The task force assessed $368,000 in penalties in 1999, another low and well behind the 1993 peak of $1.6 million (although penalty collections actually increased). Civil and criminal citations initiated in 1999 also were close to the lowest levels in the program’s existence.

“Nobody sees any enforcement out there,” said Marc Grossman, counsel to the United Farm Workers of America. “When [the state] does a raid in one part of the state, it is generally once a year with no follow-up, and the other 51 weeks of the year the growers know they are safe.”

Workers Claim Widespread Abuses

Farm worker advocates contend that abuses are widespread and far beyond the reach of the 19 employees for the state Division of Labor Standards Enforcement who are assigned full time to inspect the fields. As one proof of the scope of the problem, they cite a 1998 U.S. Department of Labor survey of the state’s grape industry. The survey found that half of the labor contractors and 20% of farmers sometimes failed to pay the federal minimum wage of $5.15 an hour.

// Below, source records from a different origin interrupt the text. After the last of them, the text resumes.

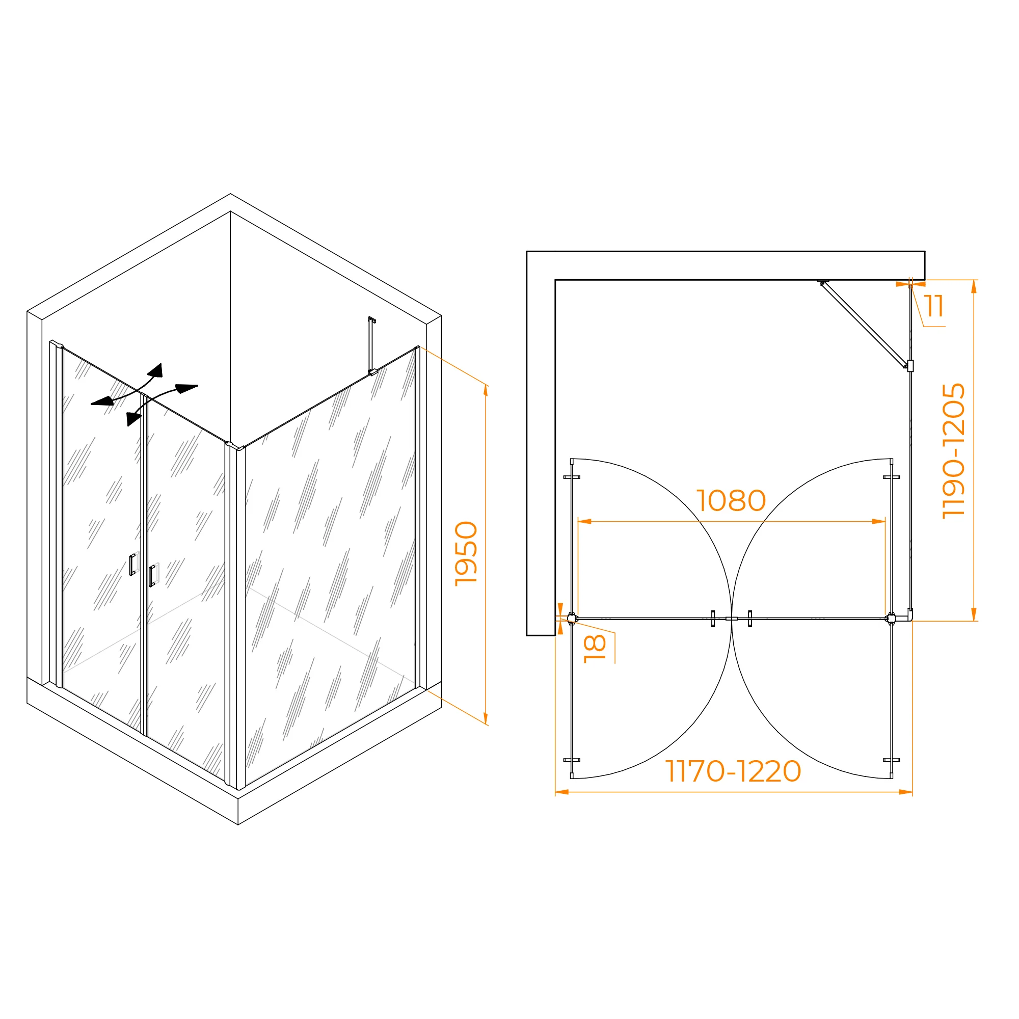 Высота душевого угла составляет 1950 мм, что позволяет легко войти и выйти из него. Это особенно важно для людей с ограниченной подвижностью или маленькими детьми.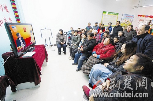 图为:百步亭社区居民关注两会直播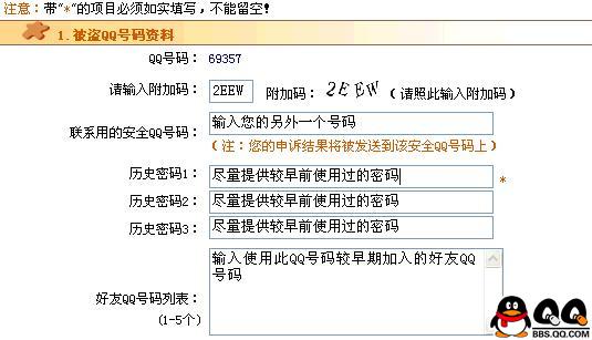 第二步:输入历史密码(一到三个)和历史好友(一到五个)。在历史密码和好友QQ号码中,建议您提供号码丢失半年、甚至更长时间以前使用过的历史密码,以及在使用此QQ号码较早期加入的好友QQ号码。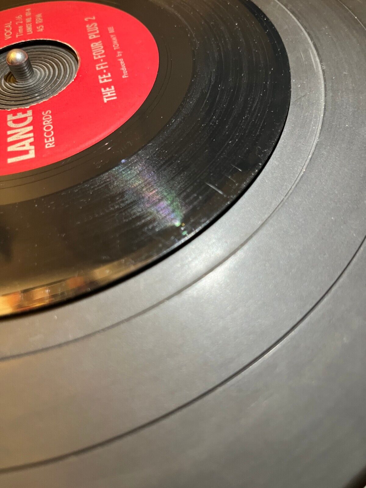 1. There are surface scratches on the lead in of Double Crossin' Girl, but are not audible (see photo). I would attribute these to years of poor storage before I received the record.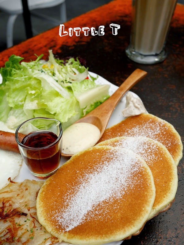 三大片撒了白糖霜的扎實鬆餅配上楓糖漿和核桃乳酪,光是這三種組合就口水直流了XD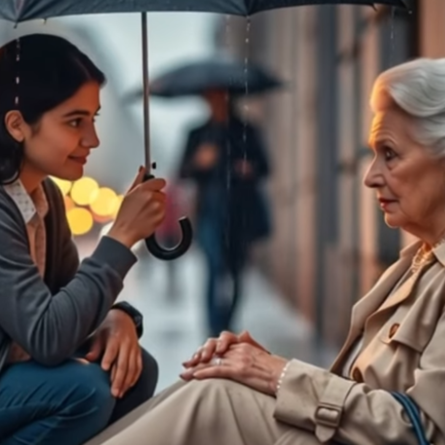 La lluvia caía copiosamente sobre la ciudad, transformando las calles en espejos líquidos que reflejaban las luces amarillentas de los postes. La gente pasaba apresurada, protegida por paraguas negros, rostros ocultos, pasos urgentes. Nadie miraba a los lados, nadie nunca miraba en medio de aquella prisa silenciosa. Una mujer estaba sentada en la acera fría, recostada contra una pared de hormigón, con el abrigo beige empapado, las manos temblorosas. Su bolso azul descansaba a un lado, intacto, como si aún guardara la dignidad que el tiempo intentaba robarle. Miraba fijamente al suelo sin ver nada. Los carros pasaban y salpicaban agua sucia sobre el asfalto. La gente desviaba la mirada. Unos por indiferencia, otros por miedo a involucrarse. Era como si la mujer fuera invisible, hasta que entre todos los pasos apresurados, un par se detuvo. Sofía.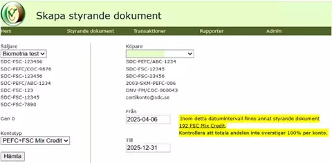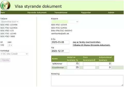 Styrande dokument beskriver den andel certifierad råvara som säljare och köpare kommit överens om för aktuell tidsperiod. Kvantiteter överförs från/till respektive parts konto automatiskt när mätningstransaktion skapas i VIOL. Båda parter måste ha en Site i Certikonto.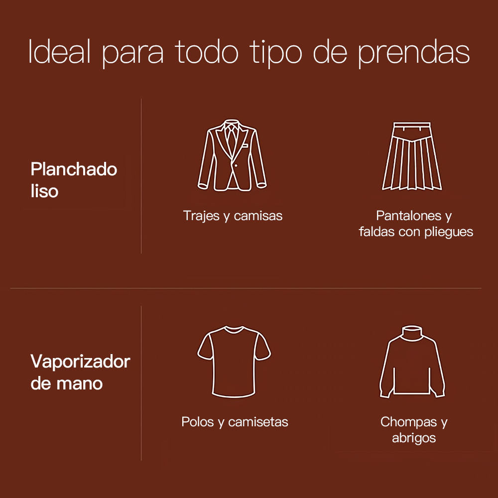 • Versatilidad total: úsala como plancha o vaporizador según el tipo de prenda.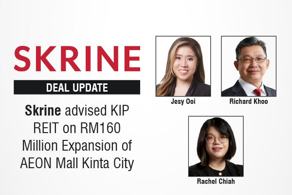 The Malaysian law firm Skrine has advised KIP Real Estate Investment Trust (KIP REIT), through its trustee Pacific Trustees Berhad, in entering into an agreement with AEON CO. (M) BHD for the RM160 million expansion of AEON Mall Kinta City in Ipoh, Perak Darul Ridzuan.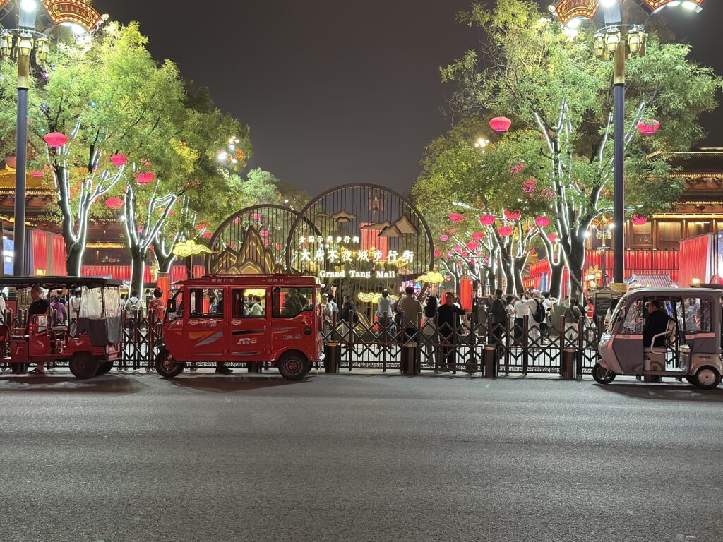 Danach stand eine optionale Tour zur Wildganspagode bei Nacht an. Eigentlich wollten wir zurück ins Hotel, doch 28 von 38 Teilnehmenden entschieden sich spontan mitzukommen – also ließen wir uns mitreißen, wir wollten wie immer ja auch nichts verpassen. Wir spazierten durch die beleuchtete Beiyuanmen-Straße. Wir bekamen 30 Minuten Zeit, um erst die eine Richtung zu erkunden und dann nochmal 45 Minuten für die andere Richtung. Nach den ersten 30 Minuten trafen wir uns in der Mitte.

On a recent day, workers in Calexico waiting for buses to transport them to the fields voiced other complaints about enforcement efforts. They said that when inspectors do arrive in the fields, they often are not as thorough as they could be. Some inspectors seem to focus solely on the availability of portable toilets and water facilities, while not inquiring about whether workers were paid for all the hours they worked, the field hands said.

Workers added that inspectors often are insensitive to their fears that they will be targeted as snitches. One woman standing along Calexico’s main street recounted what happened to her when she spoke to a deputy labor commissioner last year in the fields.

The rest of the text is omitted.